New Challenges Arising in Engineering Problems with Fractional and Integer Order-II

Modern science is one of the most-used commodities globally, and it is especially important in determining the sources of various threats faced by the world. These problems are studied using scientific tools and norms, and the development of science and technology has attracted the attention of experts from different disciplines. This has led to increasing scientific investigation of real-world problems. With the help of computer programs, experts can determine the roots of such problems using graphics and simulations.

A total of 45 papers were submitted to this Special Issue, all of which were reviewed by several scientists who are experts in their fields. Following strict review, 16 manuscripts were accepted for publication in this Special Issue, meaning the acceptance rate was 35%.

The following is a brief summary of the accepted papers:

In the first paper [1], the authors studied a large spacecraft, considering its different properties such as solar cell plates and mechanical flexible arms. They observed the fractional-order PD attitude control method of the governing model.

In [2], the authors developed a fractional order-based frequency regulation for some systems. Their results confirmed that the stable operation and the frequency regulation performance of the new proposed controller were highly accurate.

In [3], the authors implemented two schemes, LFNHAM and LFNDM, to investigate the local fractional Lighthill–Whitham–Richards model, which arose in their fractal vehicular traffic platform.

The methods considered incorporated local fractional natural transform (LFNT), which produced many novel analytical solutions to the governing model.

In [4], the authors studied a mathematical model of the COVID-19 outbreak. In this model, six fractional differential equation parameters were used to explain its characteristic properties. COVID-19 has spread considerably over the last two years, and the generalized Runge–Kutta method of the fourth order (GRK4M) was used to observe its numerical wave distribution. The authors compared the results via FDM.

In [5], the authors considered the fractional Laplacian operator. They used a new numerical scheme, CRUS-WENO, in the frame of differential equations. The operator of order b (0 < b < 1) was split into its integral parts, and the Gauss–Jacobi quadrature method was used to solve the integral parts of operator. This newly presented CRUS-WENO scheme was found to possess some important advantages.

In [6], the authors investigated real-world tracking control problems using fractional calculus properties. Using the global sliding-mode control method (GSMCM), they improved the global robustness of the systems. The first form was based on a full-order GSMCM with a fractional operator, and the second was a novel time-varying control law which presented error signals.

In [7], stochastic resonance was studied in terms of a time-delay fractional Langevin system. This system is used to symbolize nonlinear-form multiplicative colored noise and fractional Gaussian noise. Via trichotomous colored noise, the authors observed the excitation frequency and found that a multimodal pattern only occurred with a small noise-switching rate and memory-damping order.

In [8], the authors analyzed a nonlinear coronavirus (2019-nCoV) model using a fractional operator. This model is based on four parameters: susceptible, infected, reported and unreported. The results were obtained using a modified predictor–corrector method.

In [9], the authors focused on a Sobolev-type Hilfer fractional neutral delay Volterra–Fredholm integro-differential system. Via fractional calculus, they investigated the measure of noncompactness and the Mönch fixed-point technique and presented several simulations of their findings.

In [10], the authors primarily achieved approximate controllability. By using resolvent operators, fractional semilinear integro-differential equations were investigated. They introduced two alternative options and used the theories from the functional analysis. The primary property was proven in the second situation, after which the authors repeated the observations for the fractional Sobolev-type semilinear integro-differential system.

In [11], the authors introduced the second kind of nonlinear Lane–Emden prediction: the differential Singular model (NLE-PDSM). A powerful numerical scheme was used, namely, a neuro-evolution computing intelligent solver, through which the authors corroborated, validated, and confirmed the efficacy of the ANN-GAASM for three distinct problems.

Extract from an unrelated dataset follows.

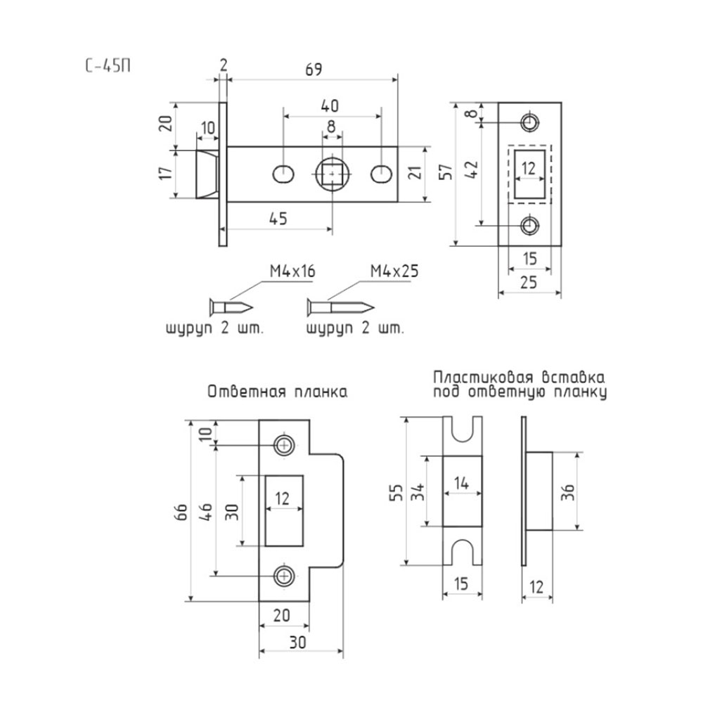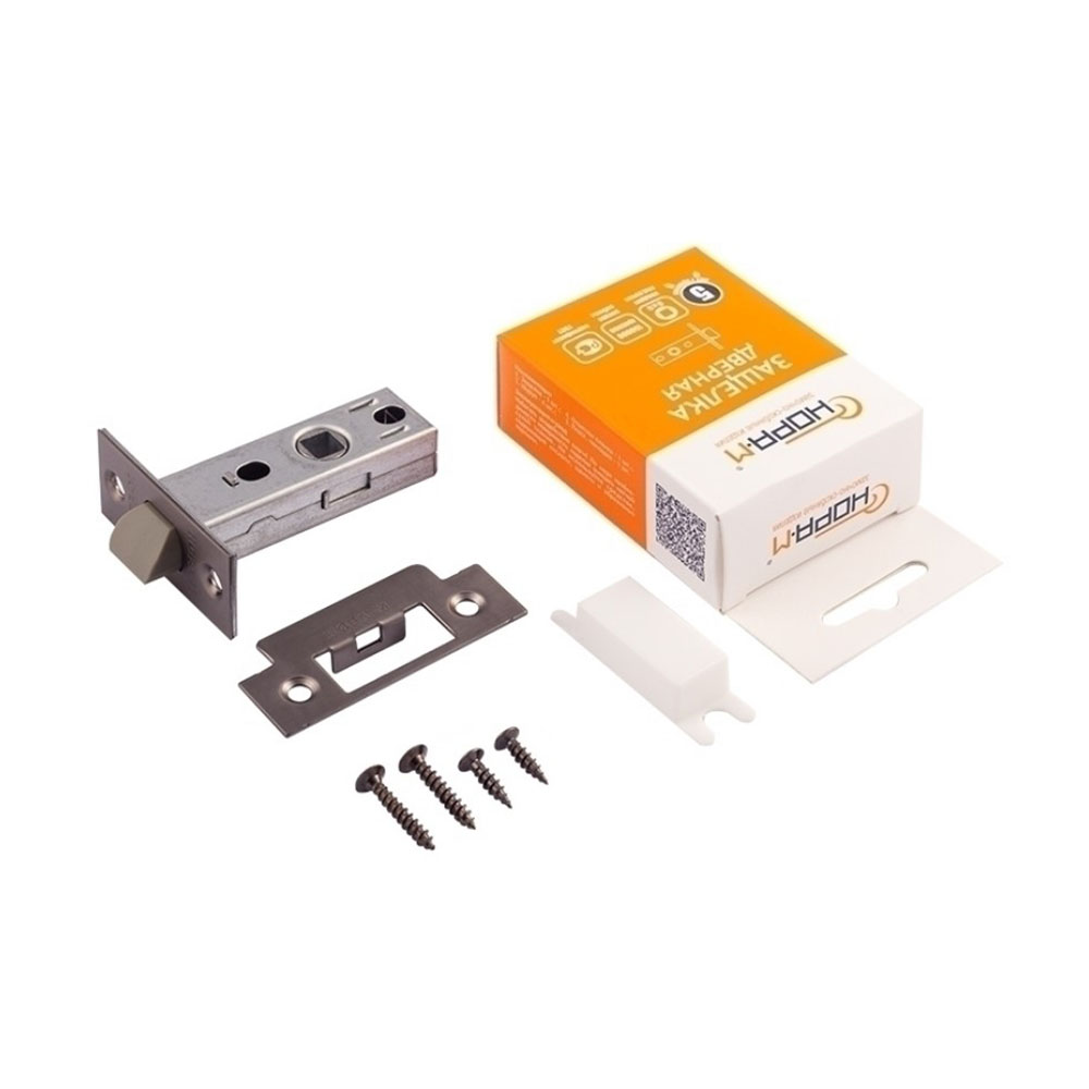 Защелка дверная язычок С-45П Графит НОРА-М - бесшумное и надёжное решение для межкомнатных деревянных дверей. Предназначена для фиксации двери в закрытом положении, обеспечивая мягкое и плавное закрывание без лишнего шума. Ударопрочный пластиковый ригель делает работу защёлки тихой и устойчивой к длительной эксплуатации. Стандартное отверстие под квадрат 8×8 мм позволяет использовать защёлку с любой раздельной ручкой на розетке, а отверстия под стяжные винты обеспечивают прочную установку.

In [12], the authors studied a COVID-19 infection model by considering the Caputo derivative. The aim of this model is to contain the spread of disease in communities. The authors conducted stability analysis of the model and also observed the R0 number. Using real parameters, they presented a numerical solution for the model.

In [13], the authors studied on the nonlinear Gardner and (3 + 1)-dimensional mKdV-ZK equations. A newly developed method, namely, the rational sine-Gordon expansion method (RSGEM), was used to study their analytical roots. The authors also provided a detailed reported of the strain conditions for valid solutions.

In [14], the authors proposed generalized weighted-type fractional integrals. Using these integrals, they observed some novel inequalities in certain Chebyshev’s functions. Moreover, they observed their general wave behaviors using specific parameter values.

In [15], the authors considered the semi-analytical methods HFIT and ADM. They applied these methods to the time-fractional Swift–Hohenberg equation (SHe) and determined the fuzzy Caputo fractional derivative (CFD) via Elzaki transform.

In [16], the authors considered the time-fractional coupled Burgers equation using the Caputo fractional operator. A modified version of the He–Laplace method was considered and the authors obtained an approximate solution to the governing model.